# Solutions Q8 - 16#

# import all python add-ons etc that will be needed later on
%matplotlib inline
import numpy as np
import matplotlib.pyplot as plt
from sympy import *
init_printing()                      # allows printing of SymPy results in typeset maths format
plt.rcParams.update({'font.size': 16})  # set font size for plots


(a) $$A = 0.25$$.

(b) the angular frequency $$\omega$$ is $$125 \,\mathrm{radians\,s^{-1}}$$. Using $$\omega = 2\pi\nu$$ gives the frequency $$\nu$$ in $$\mathrm{s^{-1}}$$ (or Hz) and is $$19.89 \mathrm{s^{-1}}$$.

(c) The wavevector is $$+3$$ and the wavelength is given using $$k = 2\pi/\lambda$$ therefore $$\lambda = 2.094$$ m. Note that the wavelength is always positive.

(d) The phase is $$\phi=0.6$$ radian.

(e) The velocity is $$dy/dt$$, which is $$v = 125 \cos(125t - 3k + 0.6)/4 \mathrm{\;m\,s^{-1}}$$ because the other terms are constant in time.
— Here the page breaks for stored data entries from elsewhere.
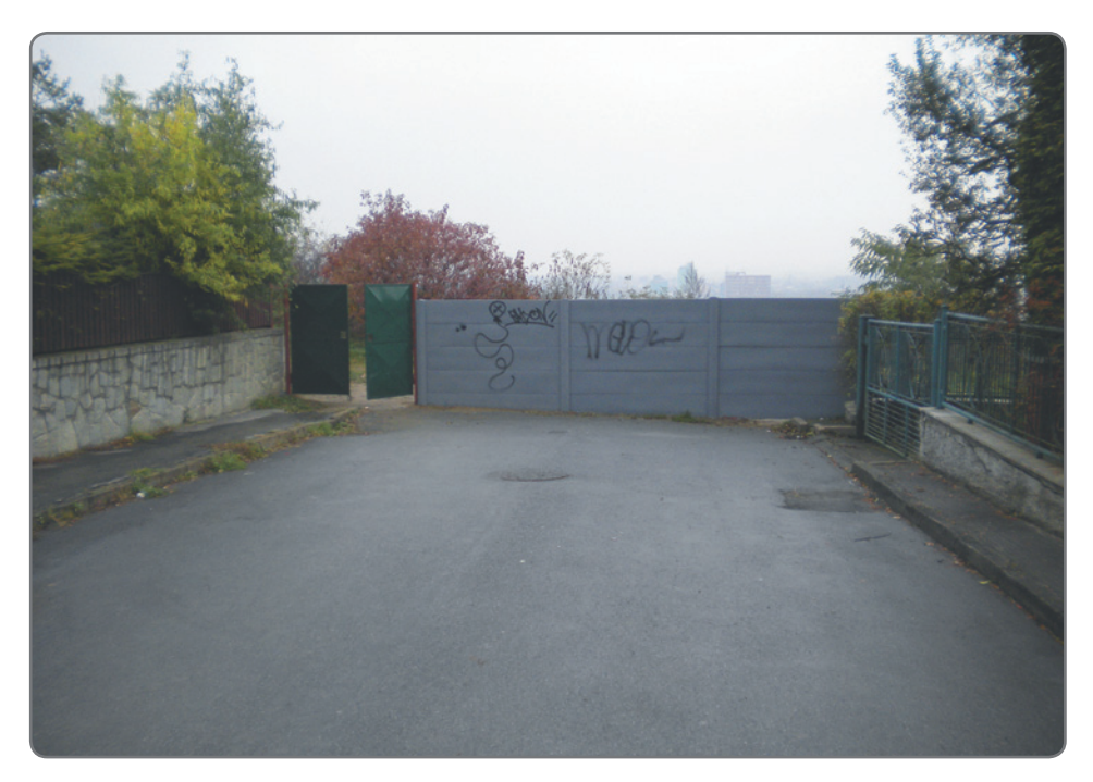
In reaction to complaints by non-Romani neighbours of Prešov's segregated Stará Tehel'ňa Romani ghetto, authorities erected a wall in September 2010 to prevent Roma from walking through the non-Romani neighbourhood.

The municipalities of Lomnička and Trebišov also built walls to "protect" non-Roma from Roma.<sup>41</sup> Most recently a wall has been built in Prešov<sup>42</sup> near the Romani neighbourhood Stará Teheľňa which was built only some ten years ago and has become a ghetto, housing about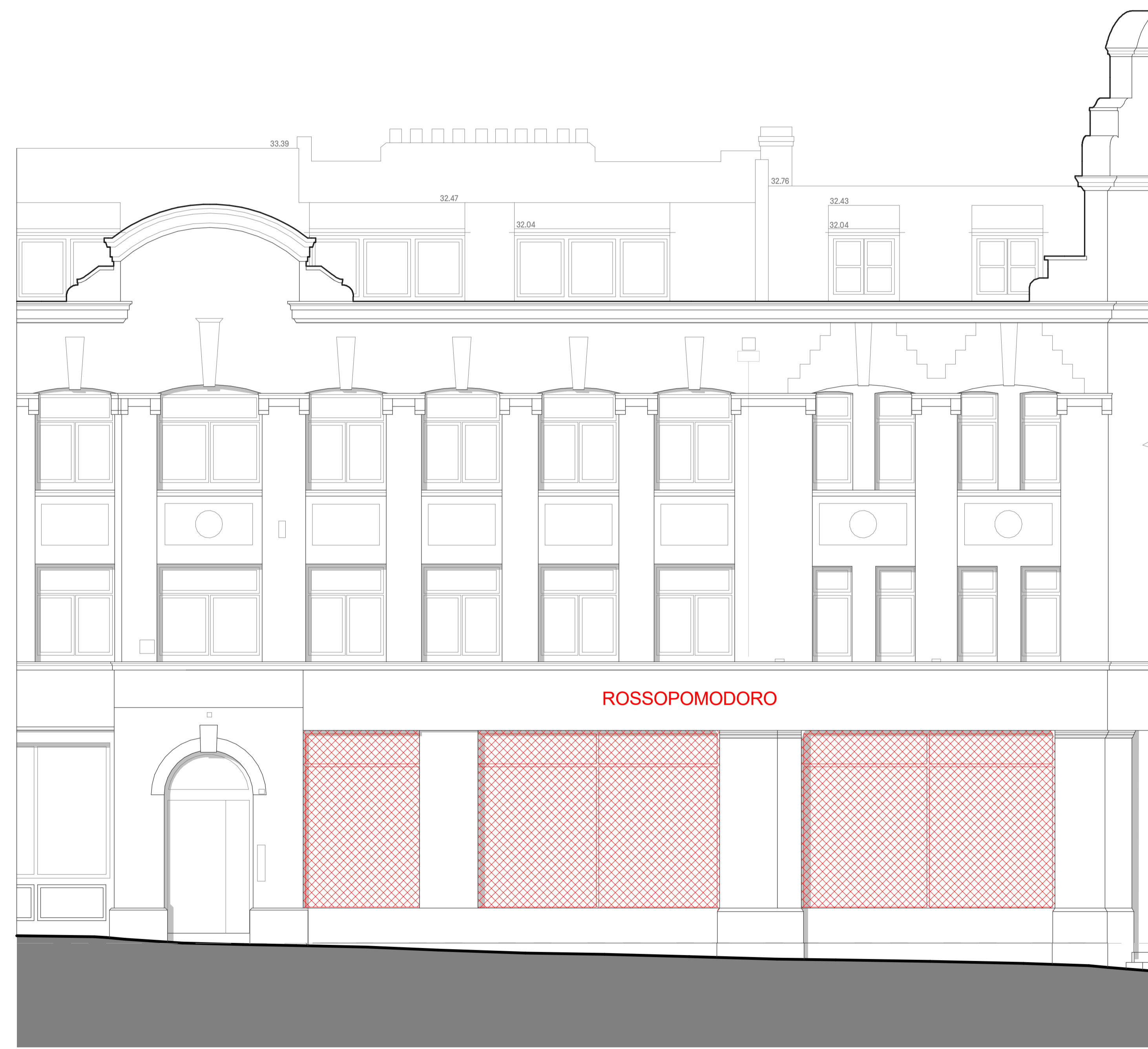
1 DEMOLITION ELEVATION - TOWER STREET 1 : 50

Canopy removed and existing facade prepared to accommodate new signage and awnings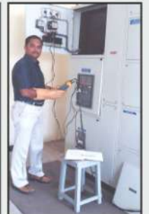
Harmonic Audit at M.V Panel ACB Incoming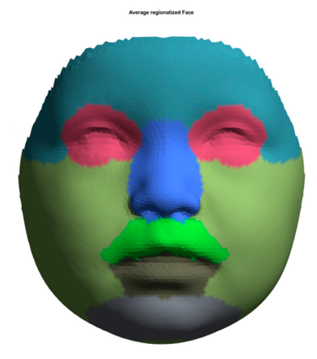
Figure 1. Selected areas for assessing facial development and growth: forehead (light steel blue), eyes (rose), nose (royal blue), upper lip and subnasal (lime green), lower lip (anthracite), cheeks (olive green), and chin (grey).

Average faces were generated for 3 (T1), 9 (T2), and 12 months (T3) of age. The comparison of the average faces at the defined time points (T1 to T2 and T2 to T3) was visualized by color-coded maps.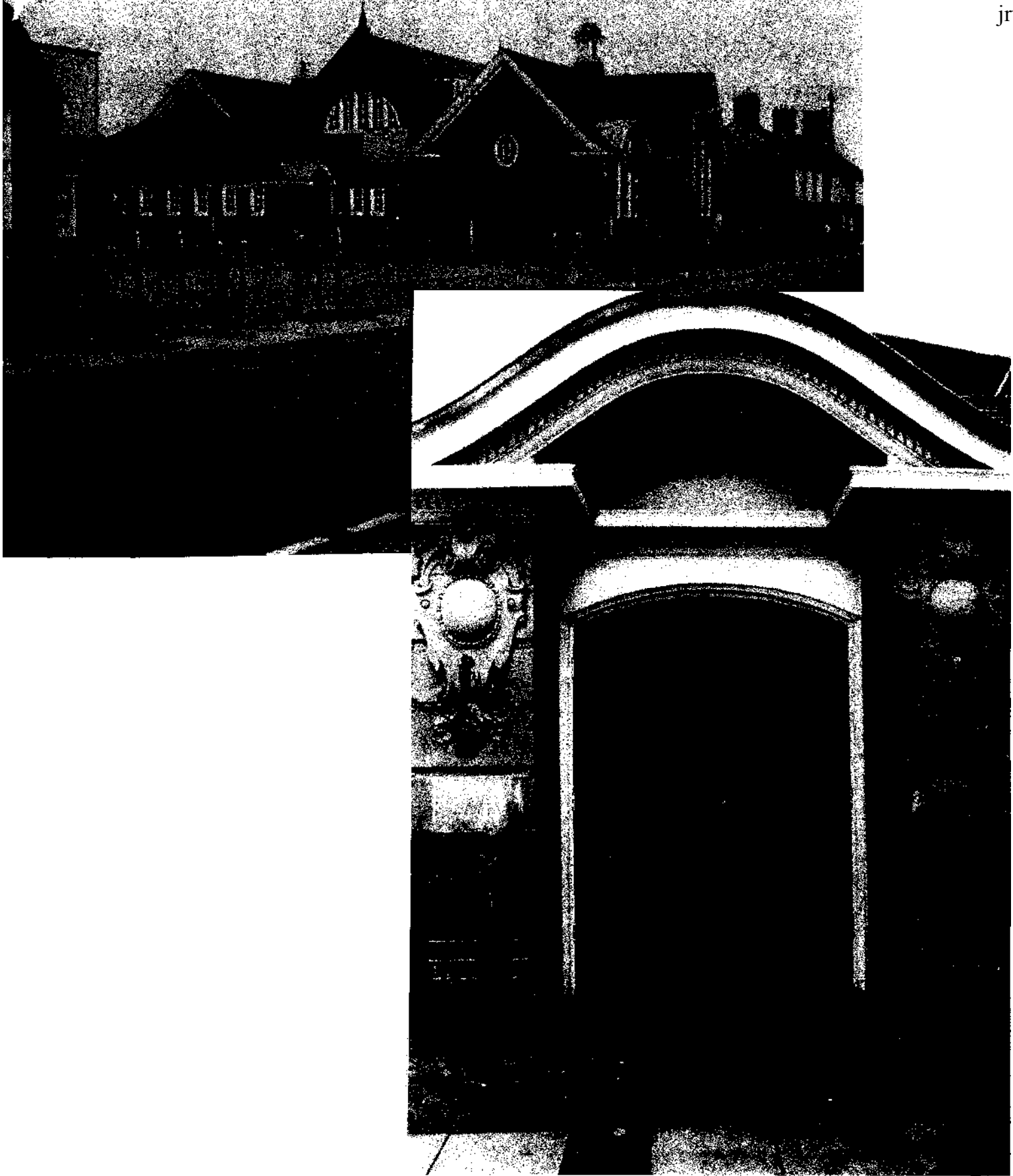
Top: The Girls' School (1904) with Infants' part visible on left. Bottom: The handsome doorway of the Girls' School, now the Bassett Community Centre.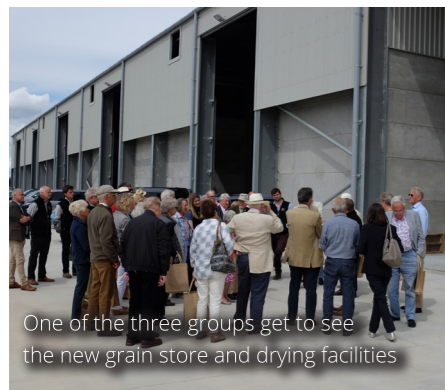
One of the three groups get to see the new grain store and drying facilities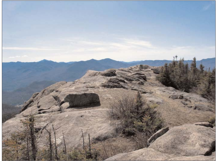
The summit of Hurricane Mountain.

Like so many places in the Adirondacks, the North Trail up Hurricane Mountain seems like an altogether different place after the snow is gone. When the path really starts climbing, it climbs — and not up a soft-soiled trail, either, but hopping from rock to boulder to protruding root of tree. Though the snow brought its own challenges to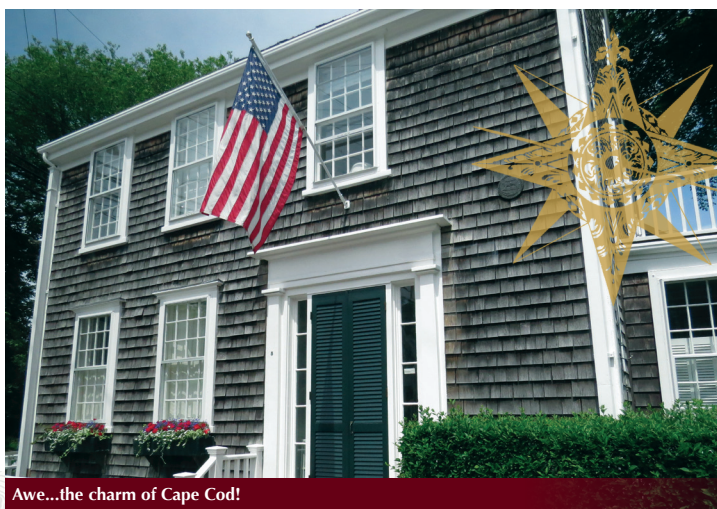
Awe...the charm of Cape Cod!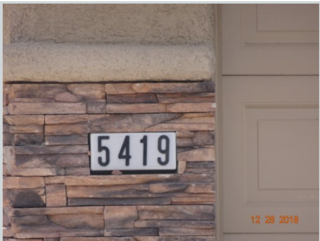
Subject 5419 Golden Leaf Ave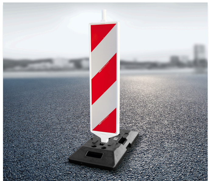
Standard Beacon in base plate K1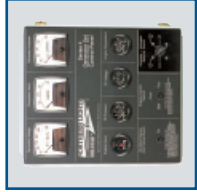
Length - 14" x Height - 17" x Depth - 6.25"

Panel Includes: DC voltmeter, water temperature gauge, oil pressure gauge, engine hourmeter, start/stop, and shutdown bypass/preheat switch. Available with enclosure.

(a) The sum of the two waves is $$\sin(\omega_1 t - kx)+ \sin(\omega_2t - kx)$$ and we observe the frequency change in time. This means that the $$-kx$$ term represents a phase, and is fixed as we observe at a fixed point and it can be set to zero without changing the result as phase does not affect the frequency of a wave just where its amplitude is zero. As the waves’ amplitudes are the same, we can choose them to be 1. The identity to start with from Section 5.1 is

$\displaystyle \sin(a - b) + \sin(a + b) = 2 \sin(a)\cos(b)$

This is has to be rearranged into the form $$\sin(A) + \sin(B)$$ which can be done letting $$A = a - b$$ and $$B = a + b$$ then

$\displaystyle \sin(A) + \sin(B)=2\sin\left( \frac{A+B}{2} \right)\cos\left( \frac{A-B}{2} \right)$

Substituting $$A=\omega_1t- kx$$ and $$B = \omega_2t - kx$$ gives

$\sin(\omega_1t)+\sin(\omega_2t)=2\sin\left( \frac{(\omega_1+\omega_2)t}{2} \right)\cos\left( \frac{(\omega_1-\omega_2)t}{2} \right)$

The beat frequency is $$|\omega_1 - \omega_2|$$ not half this value, because we observe two beats per period.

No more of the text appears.